We could translate Romans 4:3 by saying, Now to the one who works, his wages are not calculated according to grace but according to obligation. Grace is something freely given, but an obligation is a debt which is owed. Paul forces his Jewish opponents to face the fact that attaining salvation-righteousness by works has the inescapable baggage that it means God owes that righteousness to the one who works. Since Paul knows Jewish theology fiercely rejects the idea of God as debtor, the logic forces his opponents to disavow works as playing any part when God credited (logizomai Gen. 15:6) Abraham with righteousness.

But if works were not pivotal to the reckoning of righteousness to Abraham, what was? The answer is found in Gen. 15:6 when Abraham believed God. C.E.B. Cranfield summarizes the message of Romans 4:4-5 when he says, The best explanation of Pauls exposition of Gen. 15:6 in these two verses would seem to be that which understands it to turn upon the fact that the Genesis verse makes no mention of any work of Abraham but simply refers to his faith.[2]

(ESV) Romans 4:5 And to the one who does not work but believes in him who justifies the ungodly, his faith is counted as righteousness,

If Romans 4:5 explicitly mentioned the name of Jesus Christ, it might be even more famous than John 3:16. The phrase him [i.e. God] who justifies the ungodly (4:5) is absolutely astounding! Grant Osborne expresses the natural reaction: At first glance this does not seem right. It should be the godly, the pious who should be justified.[3] That would work fine if anyone were pious enough.

Romans 4:5 first forces us to realize that no matter what we think of ourselves, we come to God as those who are ungodly. Second, we see that God can justify the ungodly, declaring them to be righteous. Later Paul will explain how God could possibly justify the ungodly: For while we were still helpless, at the right time Christ died for the ungodly (Rom. 5:6, NET). That leads us to ask: how can we receive such profound benefit?

Paul says that we the ungodly obtain Gods justification the same way Abraham did. We do not work for it, but believe in the gracious God who made our justification possible through Jesus Christ. Romans 4:5 uses both the verb pisteuo (believes in him) and the noun pistis (his faith is counted as righteousness) to nail down the central importance of faith to our justification.

Remember who is reckoning

The church father Origen of Alexandria (185-254 AD) said, The root of righteousness does not spring from works; rather the fruit of works grows from the root of righteousness.[4] So, it is God who provides the way for us to become righteousness, and then our works can honor the one who saved us.
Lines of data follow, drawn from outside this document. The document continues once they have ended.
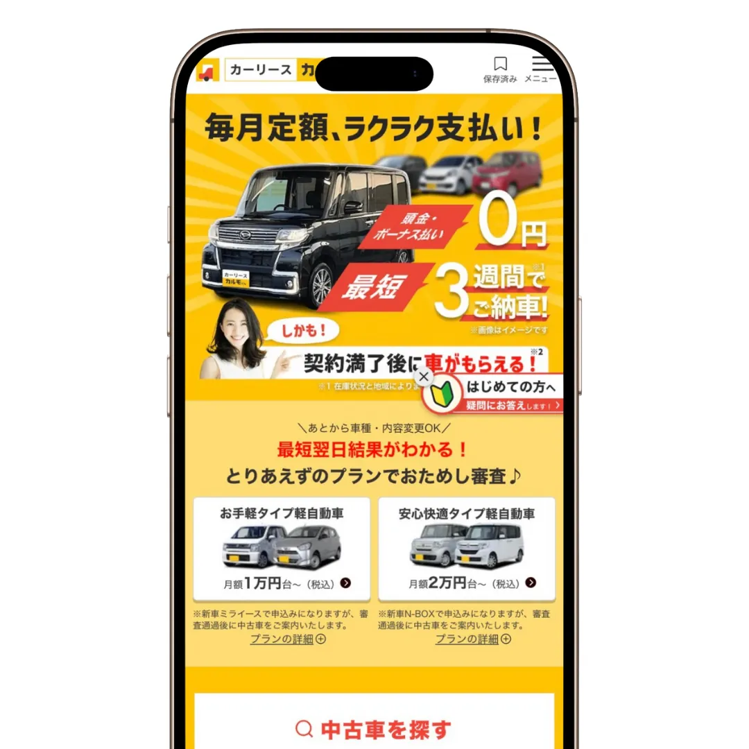 まずは、カーリースカルモくんの公式サイトにアクセスしよう。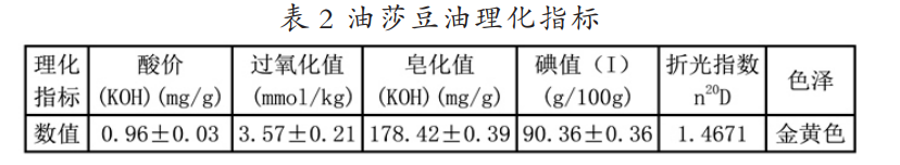 油莎豆油常見的理化指標如表 2 所示,油脂過氧化值、酸價均符合國家食用油的衛生標準。皂化值較大,說明脂肪酸分子量 較小,有助于人體吸收。碘值小于 130g/100g,屬于半干型油脂。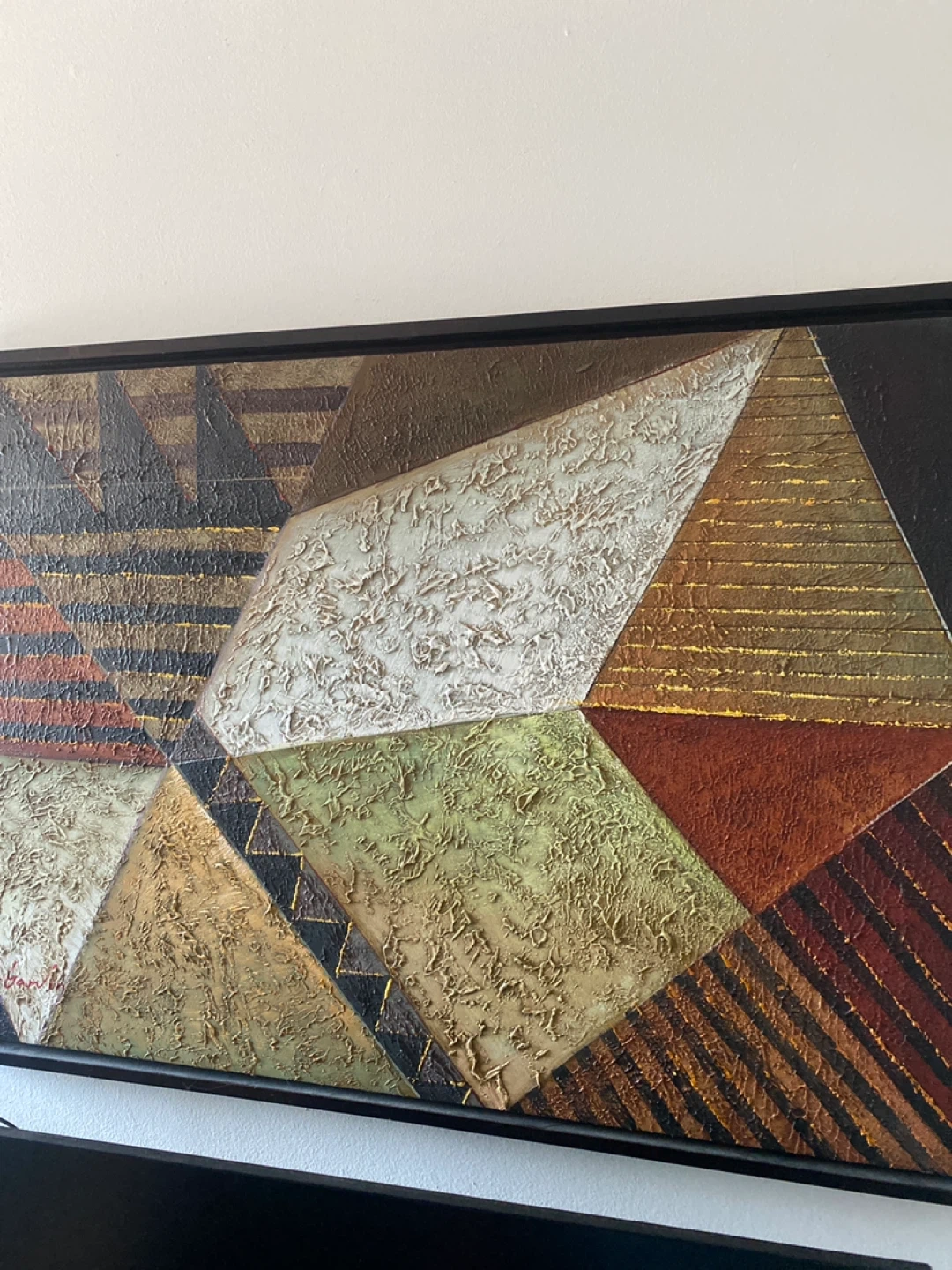 This framed wall art showcases a striking abstract geometric design. Its textured surface and rich earthy tones add depth and character to any room. The artwork is housed in a sleek black frame, ready to hang.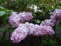 I'm not complaining. It's always beautiful, but usually opens after the lilacs are spent. This year, both of them are gloriously in bloom, almost as if they're trying to compete with each other.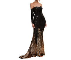 Be the star of the evening with this Twilight Sequin Tube Top & Off-Shoulder Evening Dress. Glamorous and chic, it features intricate sequin detailing and a versatile off-shoulder design. Perfect for any party or special occasion, this dress will make you stand out and shine.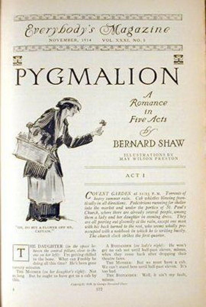 Henry Higgins, profesor de fonética, al atravesar el mercado londinense de Covent Garden, se siente atraído por el peculiar acento y el vocabulario cockney de una joven florista, Eliza Doolittle. Apuesta con su amigo el coronel Pickering, también apasionado por la lingüística, a que será capaz de convertir a Eliza en una duquesa haciéndole hablar un correcto y sofisticado inglés, para lo que convencen a la muchacha. Y el experimento tiene éxito. Pero Higgins, el Pigmalión de Bernard Shaw, insensible fanático de la fonética, es un solterón empedernido, con un descomunal complejo de Edipo que le impide amar a su Galatea, quien sólo podría ser para él un sustituto de la madre. Al contrario que en la leyenda, en la que un enamorado Pigmalión transforma su obra en un ser vivo, Higgins solo desea convertir a Eliza en un objeto automático. "Para Higgins, ser una dama es cosa de pronunciación, de gramática y vestimenta. Para Pickering, es cuestión de modales y atractivo. Para Eliza, representa el sueño de mejorar económicamente" (Gertrud Mander). La renacida dama de pulcra pronunciación no consiente convertirse en estatua y se rebela contra su creador. Higgins le enseña sonidos, palabras y gramática pero, como el goethiano aprendiz de brujo, pone en marcha fuerzas que no logrará dominar. Poseer el habla adecuada garantiza un porvenir, prestigio y respeto. Tendremos, pues, un final feliz en el que solo cuenta Eliza, independiente e íntegra, con todas sus relaciones humanas modificadas, al margen de su Pigmalión. En esto consiste la sutil inversión que Shaw hace del mito clásico original.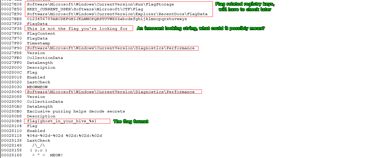 We can go ahead and go inside the registry and obtain this data and XOR it with MEOWMEOW to obtain the real flag.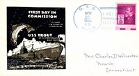 Cachet commemorates commissioning of submarines since the previous Navy Day: USS Trout SS-202, USS Tuna SS-203, USS Mackerel SS-204, USS Marlin SS-205, USS Gar SS-206, USS Grampus SS-207, USS Grayback SS-208, USS Grayling SS-209, USS Grenadier SS-210 and USS Gudgeon SS-211.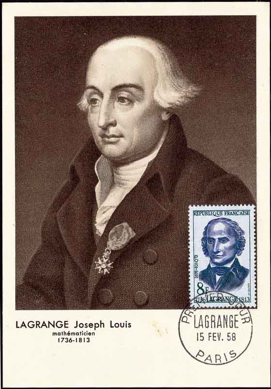 随着微积分的创立,常微分方程问题也就出现了。实际上,牛顿(Newton,1642-1727,图见本刊2009年第6期)第二定律的数学模型就是一个二阶常微分方程式。 到1740年左右,人们已经知道了几乎所有求解一阶方程式的初等解法。1728年,瑞士人欧拉(Euler, 1707-1783,图1是1957年瑞士纪念欧拉诞生250周年发行的邮票)给出指数代换法, 将二阶常微分方程化为一阶方程来求解。从而开始了对二阶常微分方程的系统研究。1743年,欧拉又给出了高阶常系数线性齐次方程的完整解法,这是对高阶常微分方程的重要突破。 1774-1775年间,法国的拉格朗日(Lagrange,1736-1813,图2是1958年应用法国为拉格朗日逝世145周年发行的纪念邮票所制作的极限明信片)提出了用常数变易法求解一般高阶变系数非齐次常微分方程。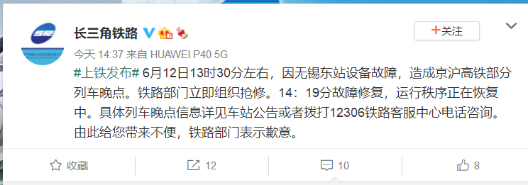 据@长三角铁路 消息,6月12日13时30分左右,因无锡东站设备故障,造成京沪高铁部分列车晚点。铁路部门立即组织抢修。14:19分故障修复,运行秩序正在恢复中。具体列车晚点信息详见车站公告或者拨打12306铁路客服中心电话咨询。由此给您带来不便,铁路部门表示歉意。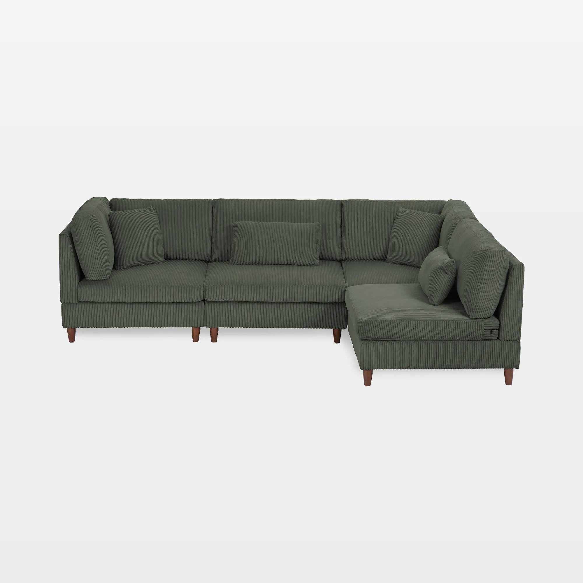 - The modular sofa features a cushioned back and small pillows for extra support and comfort.
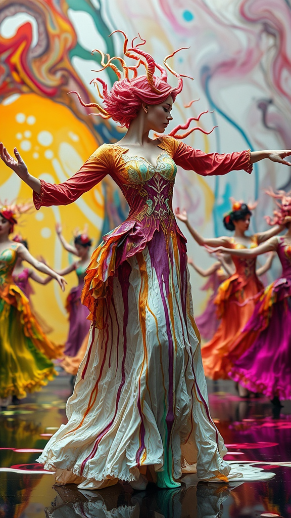 FluidArt-inspired scene, human bodies enveloped in vibrant paint, dancers striking expressive poses, capturing the essence of motion and grace. The composition features an array of tri-color schemes, with ornate, long-sleeved Victorian dresses seemingly woven from cascading layers of rich, thick paint. These garments drip and flow, transforming the silhouette into a mesmerizing display of art and life. Each figure's hair morphs into Medusa-like tendrils of paint, adding to their captivating allure. The setting showcases a metamorphosis, where appendages and limbs transform into streams of thick, dripping paint, blending seamlessly with the surrounding environment. Multiple figures populate the scene, each with additional arms and legs, suggesting dynamic movement and interconnectedness. As the camera captures a wide-zoom perspective, the transformation of bodies into sculptural paint forms creates a stunning visual narrative. Distorted and surreal elements evoke a sense of mystery and wonder.

1. How do you think the merciful character of God figures into his counting (or reckoning or crediting) our faith as righteousness?

2. Do you think that the faith God wants from us is merely mental assent to an idea (e.g. Jesus died for my sins), or is there more to it than that? Explain.
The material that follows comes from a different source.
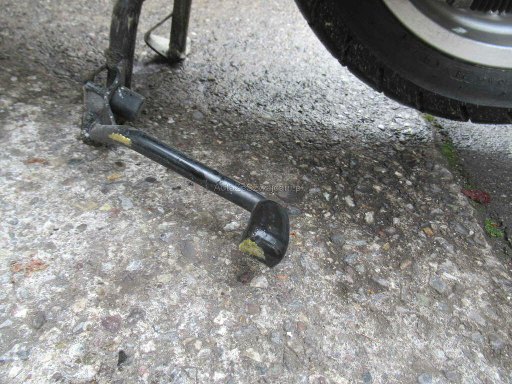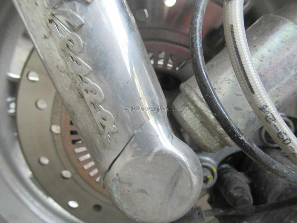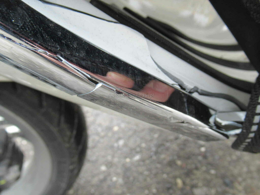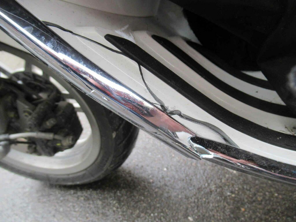 Schaden links, Kotflügel VL und HL beschädigt und Trittbrett. Lenker, Spiegel und Bremse.
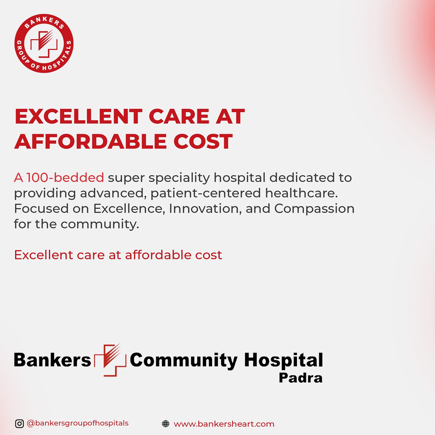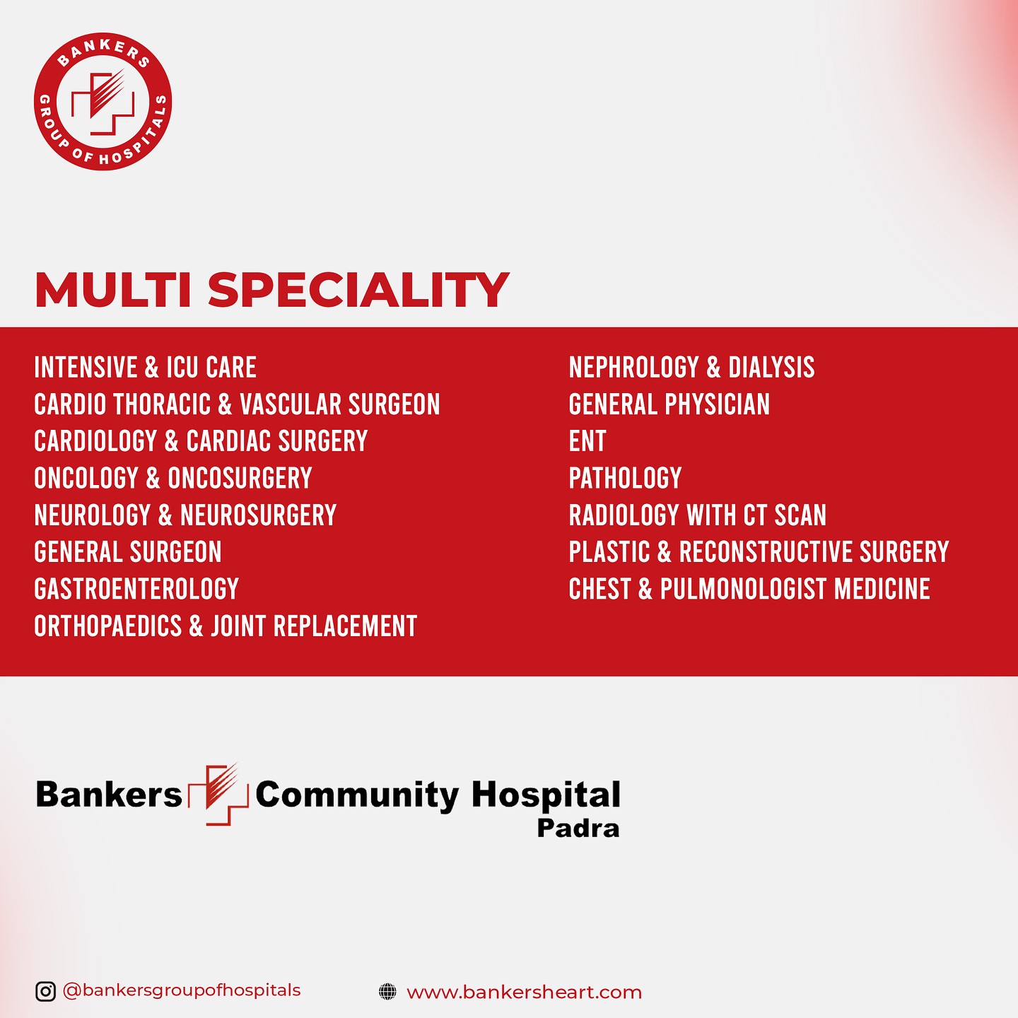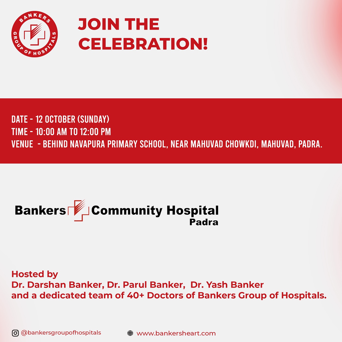 We are overjoyed to announce the GRAND INAUGURATION of the Bankers Community Hospital, Padra on Sunday, October 12th!

For all have sinned and fall short of the glory of God. 24 They are justified freely by his grace through the redemption that is in Christ Jesus. (Rom. 3:23-24, HCSB)
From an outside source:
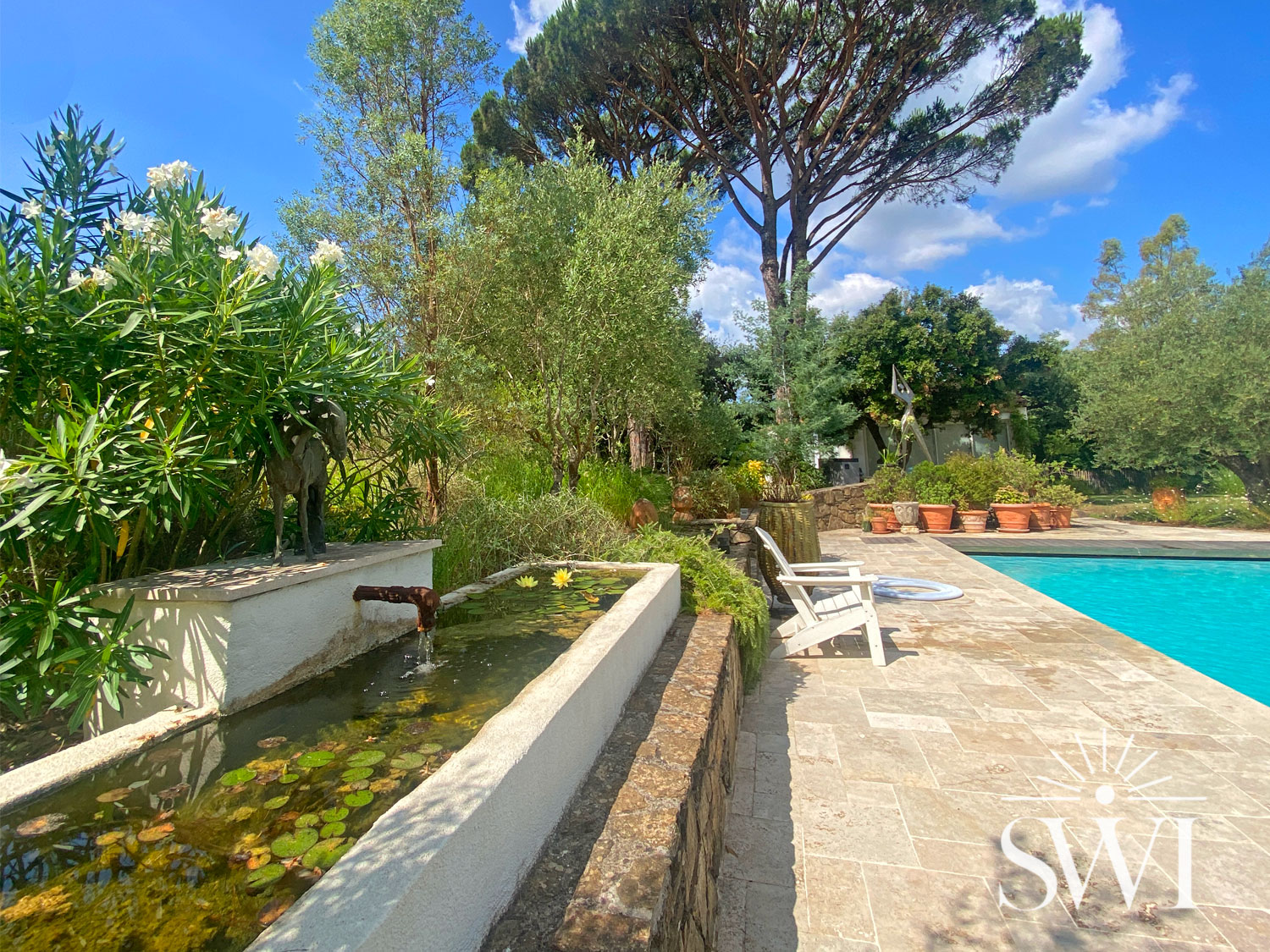 The heated 12 x 7 m swimming pool, surrounded by wide terraces, is enhanced by a fountain with fish, adding to the charm of this property.

Copyright 2012 Barry Applewhite, Plano, Texas. All rights reserved worldwide. Derived from materials created for Christ Fellowship, McKinney, Texas. Used by permission.

 


[1] BDAG-3, logizomai, reckon, q.v.

[2] C.E.B. Cranfield, The Epistle to the Romans, The International Critical Commentary (Edinburgh: T.&T. Clark Limited, 1975) 231.

[3] Grant R. Osborne, Romans, The IVP New Testament Commentary Series (Downers Grove: InterVarsity Press, 2004) 109.

[4] Gerald Bray, ed., Romans, Ancient Christian Commentary on Scripture (Downers Grove: InterVarsity Press, 1998) 112.